## [GIVEN INFORMATION]
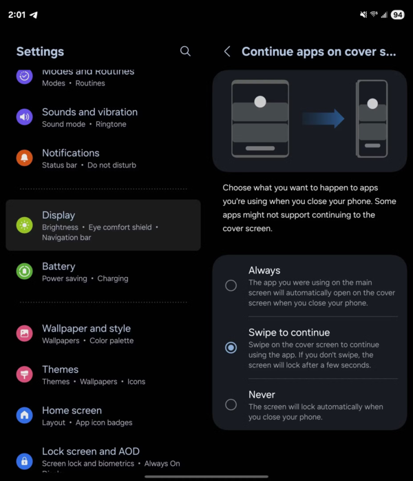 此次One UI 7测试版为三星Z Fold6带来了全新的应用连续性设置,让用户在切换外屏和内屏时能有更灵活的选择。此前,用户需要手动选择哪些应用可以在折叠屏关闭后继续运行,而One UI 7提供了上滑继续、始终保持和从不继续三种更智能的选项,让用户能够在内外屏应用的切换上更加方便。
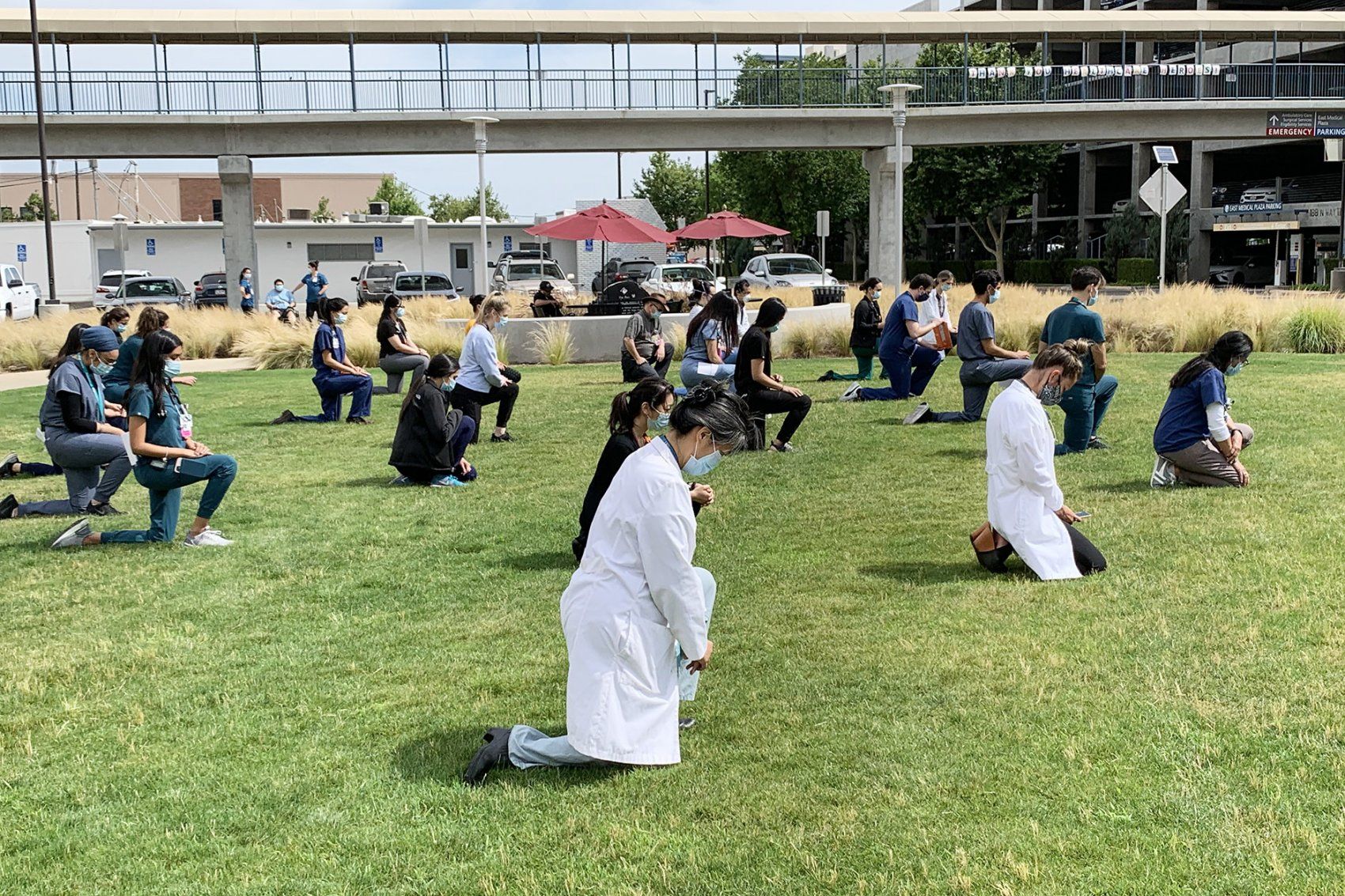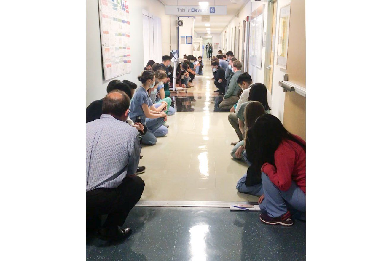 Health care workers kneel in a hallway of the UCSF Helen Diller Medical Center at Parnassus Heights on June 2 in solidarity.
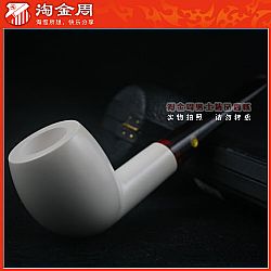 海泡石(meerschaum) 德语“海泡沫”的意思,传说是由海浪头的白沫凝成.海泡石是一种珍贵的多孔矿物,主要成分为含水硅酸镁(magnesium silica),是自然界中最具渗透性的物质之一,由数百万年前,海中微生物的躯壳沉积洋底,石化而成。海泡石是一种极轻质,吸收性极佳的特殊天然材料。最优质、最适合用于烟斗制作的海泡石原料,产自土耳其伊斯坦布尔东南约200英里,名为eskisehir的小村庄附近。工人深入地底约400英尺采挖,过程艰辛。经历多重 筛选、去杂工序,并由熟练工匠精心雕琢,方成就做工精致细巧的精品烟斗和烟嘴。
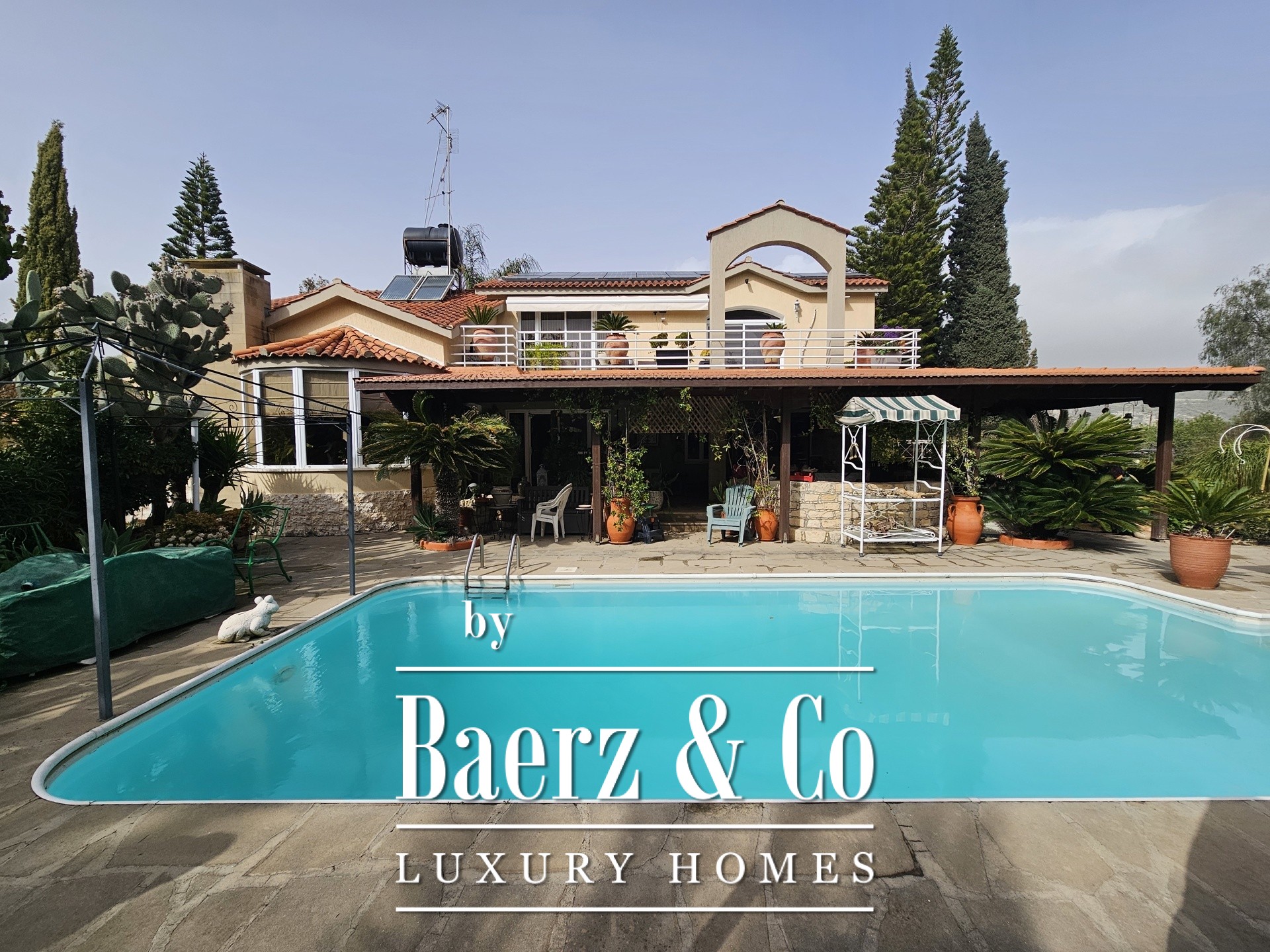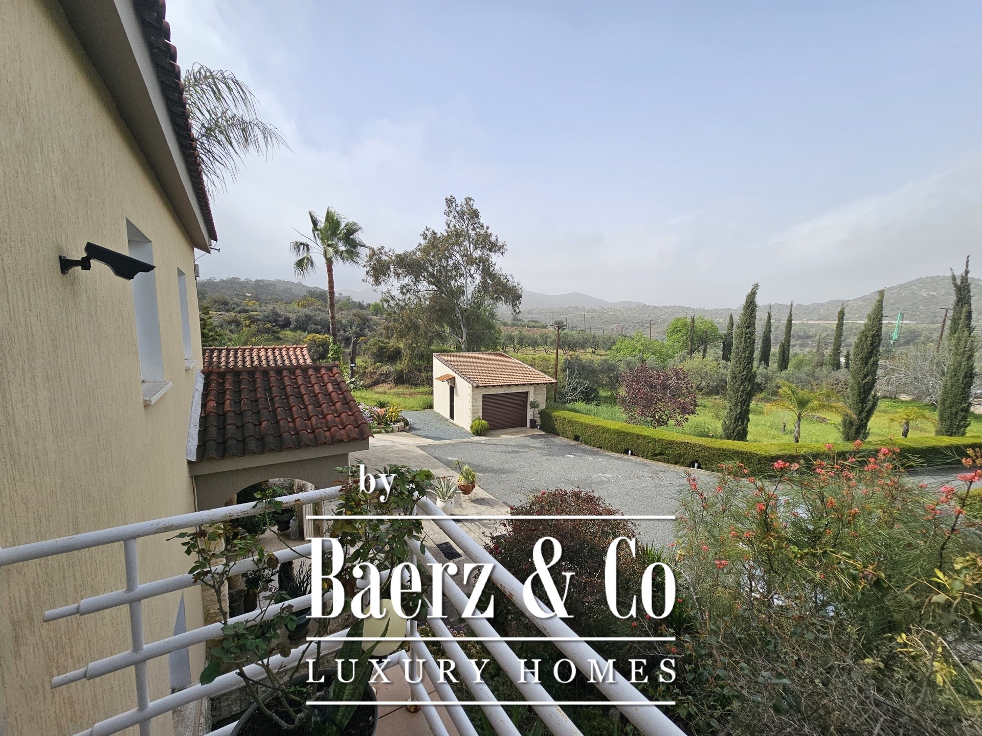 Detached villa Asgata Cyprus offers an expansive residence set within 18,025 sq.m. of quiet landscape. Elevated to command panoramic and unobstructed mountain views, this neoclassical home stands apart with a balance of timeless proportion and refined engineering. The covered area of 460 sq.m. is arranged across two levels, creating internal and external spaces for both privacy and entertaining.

## [WHAT YOU NEED TO DO]
Every line from the top of the material above through the line with "海泡石(meerschaum" should be duplicated exactly, please; leave out the pictures.

## [TASK OUTPUT]
 此次One UI 7测试版为三星Z Fold6带来了全新的应用连续性设置,让用户在切换外屏和内屏时能有更灵活的选择。此前,用户需要手动选择哪些应用可以在折叠屏关闭后继续运行,而One UI 7提供了上滑继续、始终保持和从不继续三种更智能的选项,让用户能够在内外屏应用的切换上更加方便。
 Health care workers kneel in a hallway of the UCSF Helen Diller Medical Center at Parnassus Heights on June 2 in solidarity.
 海泡石(meerschaum) 德语“海泡沫”的意思,传说是由海浪头的白沫凝成.海泡石是一种珍贵的多孔矿物,主要成分为含水硅酸镁(magnesium silica),是自然界中最具渗透性的物质之一,由数百万年前,海中微生物的躯壳沉积洋底,石化而成。海泡石是一种极轻质,吸收性极佳的特殊天然材料。最优质、最适合用于烟斗制作的海泡石原料,产自土耳其伊斯坦布尔东南约200英里,名为eskisehir的小村庄附近。工人深入地底约400英尺采挖,过程艰辛。经历多重 筛选、去杂工序,并由熟练工匠精心雕琢,方成就做工精致细巧的精品烟斗和烟嘴。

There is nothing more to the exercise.